Requirement:
Reproduce the whole listing exactly and let no picture into the copy.

Collected data:

···

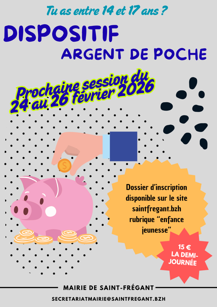 Dispositif argent de poche du 24 au 26 février 2026 (8h30 à 12h)
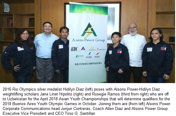 Two weightlifting scholars of the Alsons Power Group, Mindanao’s first and most experienced independent power producer, are bound for Urgench, Uzbekistan to compete in the 19th Asian Youth Championships from April 20 to 30, 2018.
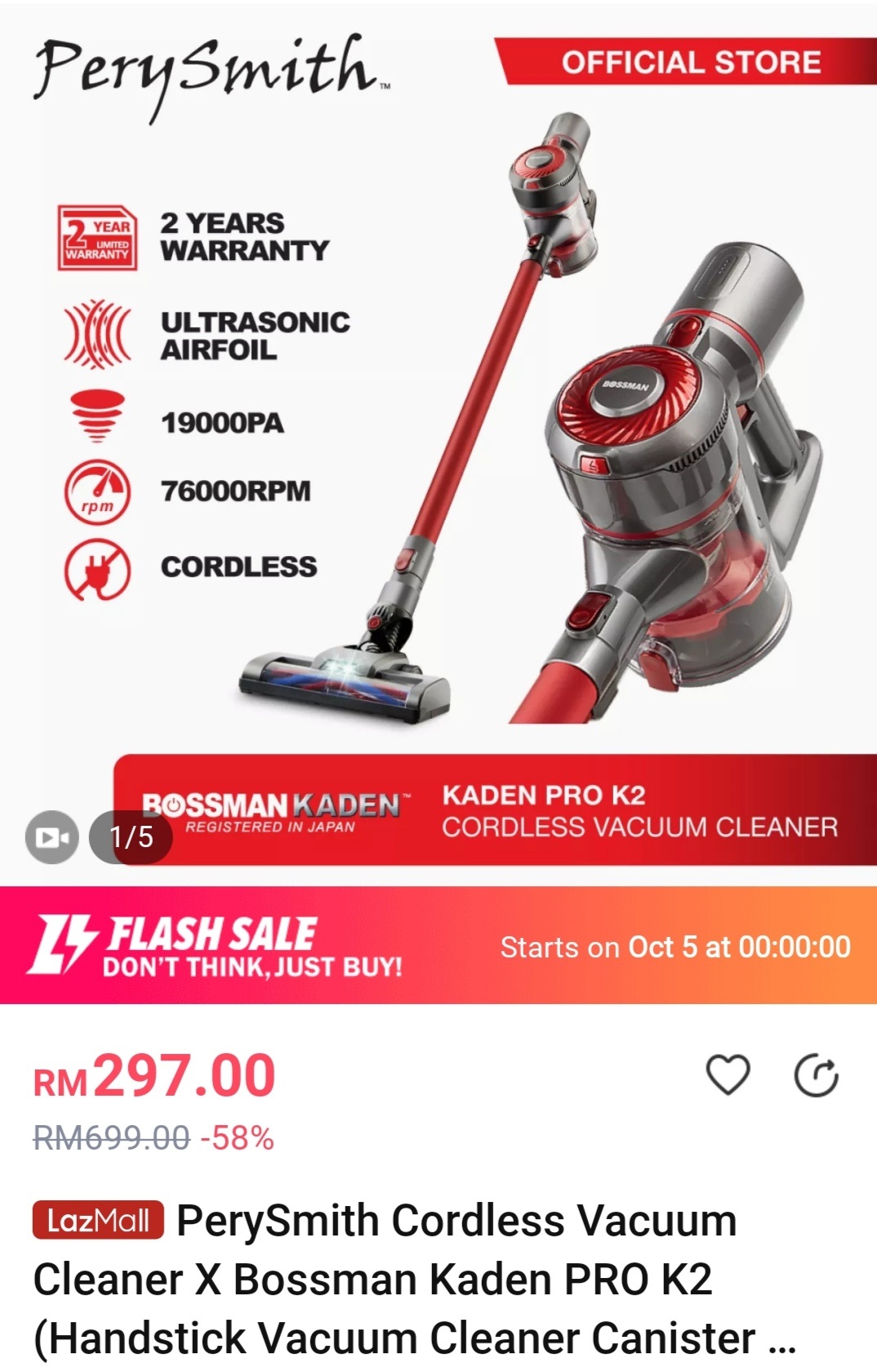 ① PerySmith Cordless Vacuum Cleaner X Bossman Kaden PRO K2

···

Answer box:
 Dispositif argent de poche du 24 au 26 février 2026 (8h30 à 12h)
 Two weightlifting scholars of the Alsons Power Group, Mindanao’s first and most experienced independent power producer, are bound for Urgench, Uzbekistan to compete in the 19th Asian Youth Championships from April 20 to 30, 2018.
 ① PerySmith Cordless Vacuum Cleaner X Bossman Kaden PRO K2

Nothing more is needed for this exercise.